### Records shown

========================

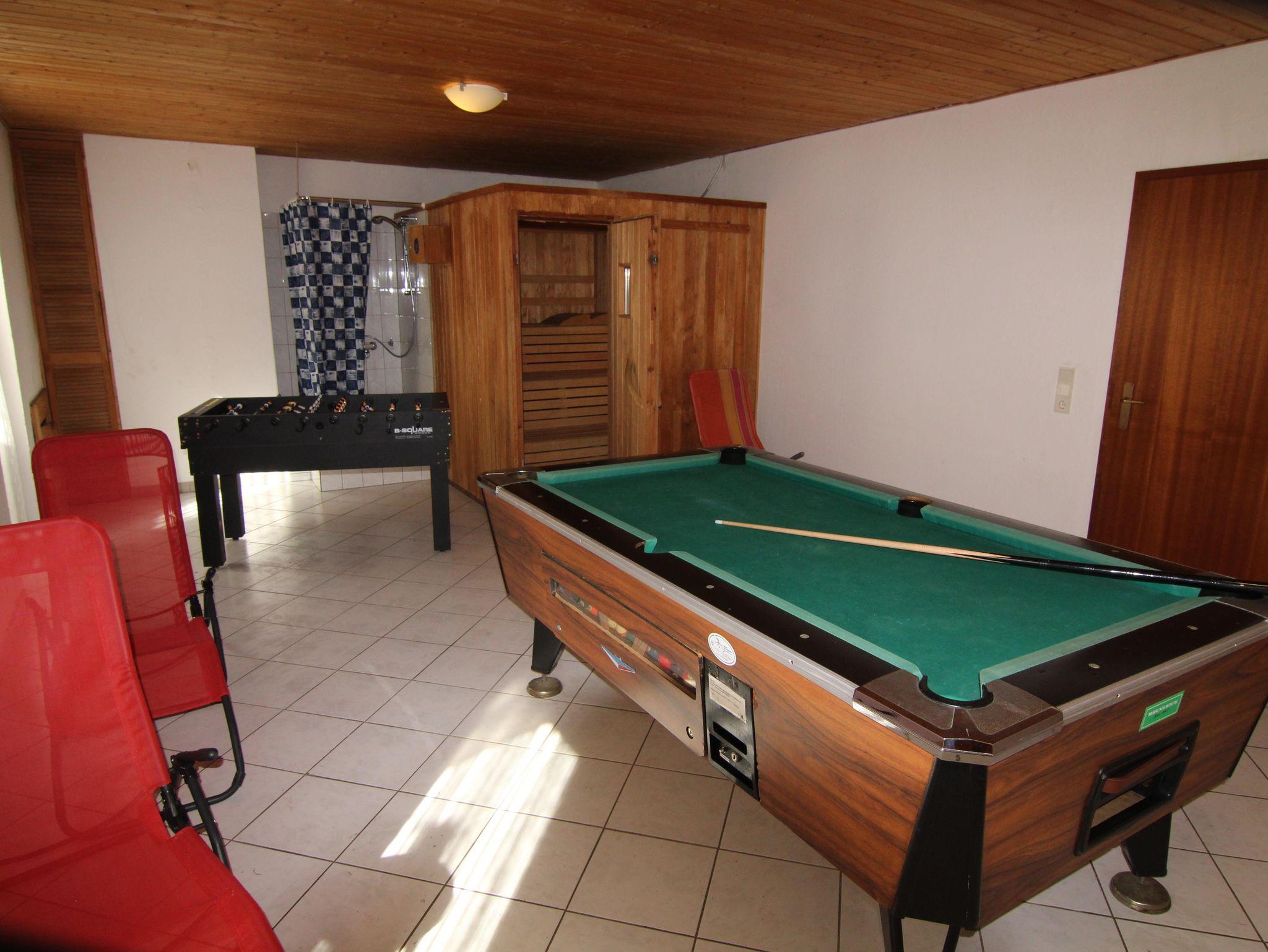 Auf der Gemeinschaftsterrasse und dem Gelände rund um unsere Ferienhäuser befinden sich eine Tischtennisplatte und ein Kinderspielplatz mit Schaukel und Rutsche, eine Kletterwurzel sowie Sitzgelegenheiten im Grünen. Im Freizeitraum im Nebenhaus gibt es einen Billardtisch und einen Tischkicker zur kostenlosen Nutzung sowie eine Sauna.
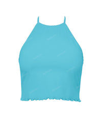 - Detail Feature: Tankini camisole style, Halter Neckline, High neck, Adjustable tie closure
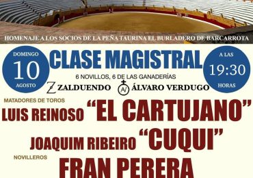 Realiza-se no próximo dia 10 de Agosto em Barcarrota uma classe magistral com participação de vários portugueses. Frente a estados das ganadarias Zalduende e Álvaro Verdugo, actuam El Cartujano, Cuqui…
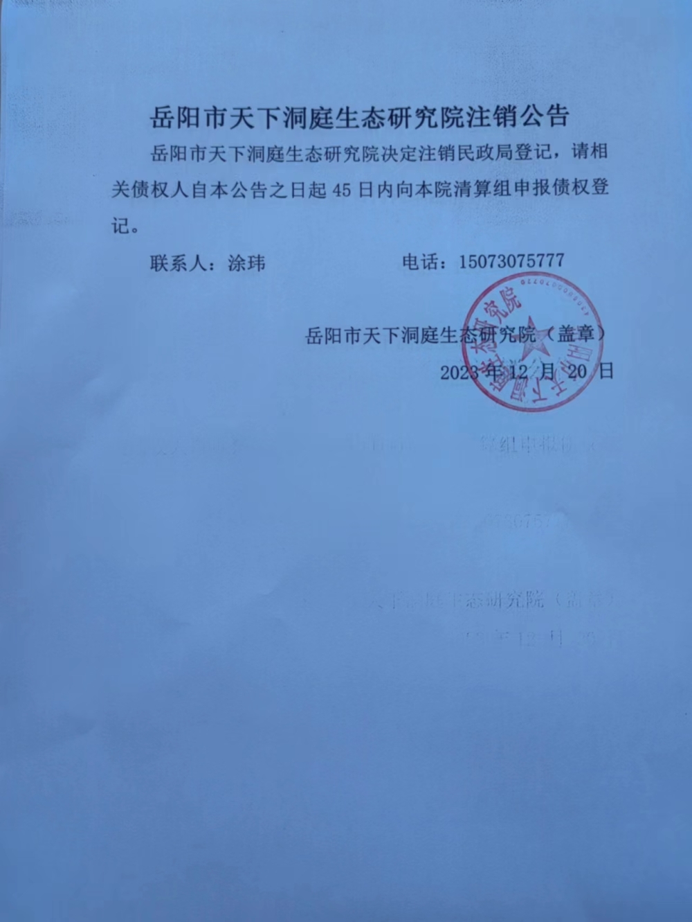 岳阳市天下洞庭生态研究院注销公告
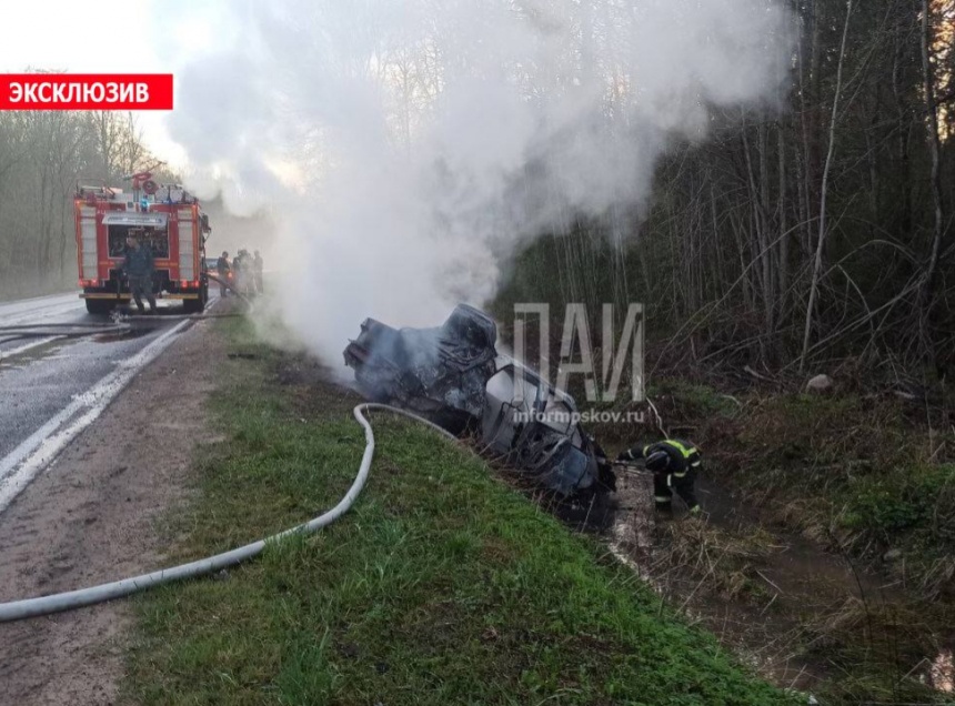 Автомобиль пьяного водителя вылетел в кювет, перевернулся и загорелся. Об этом сообщает Телеграм-канал «Псковская сводка ПАИ».
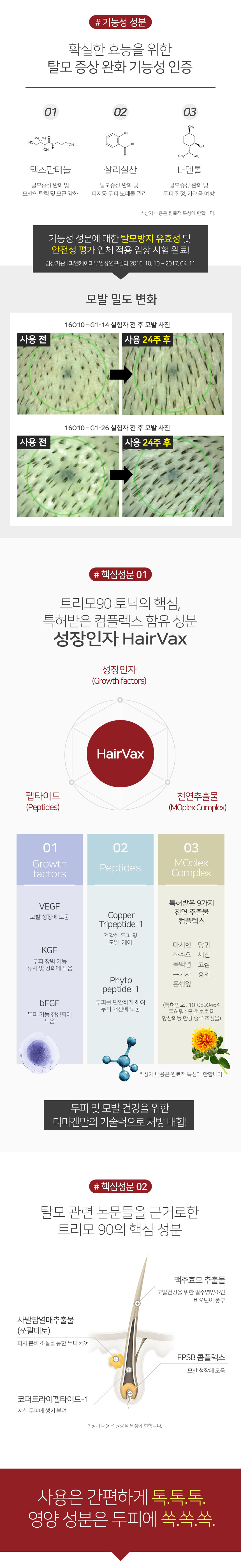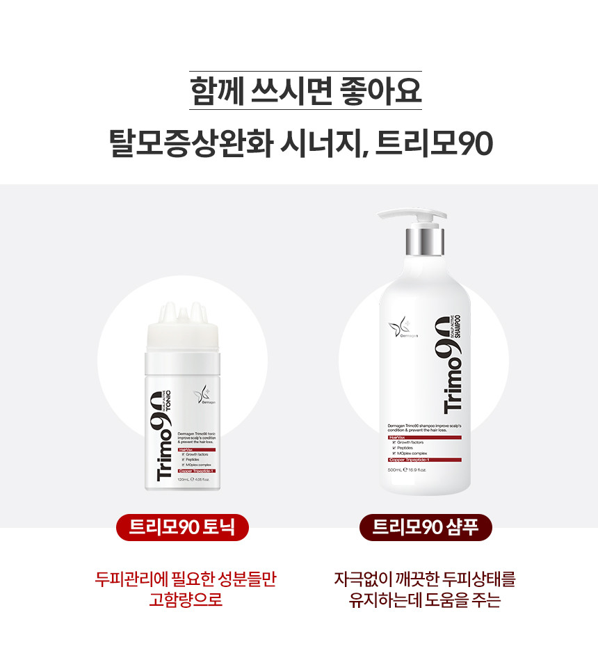 • 90-Day Scalp Care Commitment: “Trimo90” represents a 90-day program for scalp and hair care. Each bottle contains enough product for consistent 3-month daily use.

========================

### Exercise aim
Everything in the records above must be repeated exactly, except the pictures.

### Answer area
 Auf der Gemeinschaftsterrasse und dem Gelände rund um unsere Ferienhäuser befinden sich eine Tischtennisplatte und ein Kinderspielplatz mit Schaukel und Rutsche, eine Kletterwurzel sowie Sitzgelegenheiten im Grünen. Im Freizeitraum im Nebenhaus gibt es einen Billardtisch und einen Tischkicker zur kostenlosen Nutzung sowie eine Sauna.
 - Detail Feature: Tankini camisole style, Halter Neckline, High neck, Adjustable tie closure
 Realiza-se no próximo dia 10 de Agosto em Barcarrota uma classe magistral com participação de vários portugueses. Frente a estados das ganadarias Zalduende e Álvaro Verdugo, actuam El Cartujano, Cuqui…
 岳阳市天下洞庭生态研究院注销公告
 Автомобиль пьяного водителя вылетел в кювет, перевернулся и загорелся. Об этом сообщает Телеграм-канал «Псковская сводка ПАИ».
 • 90-Day Scalp Care Commitment: “Trimo90” represents a 90-day program for scalp and hair care. Each bottle contains enough product for consistent 3-month daily use.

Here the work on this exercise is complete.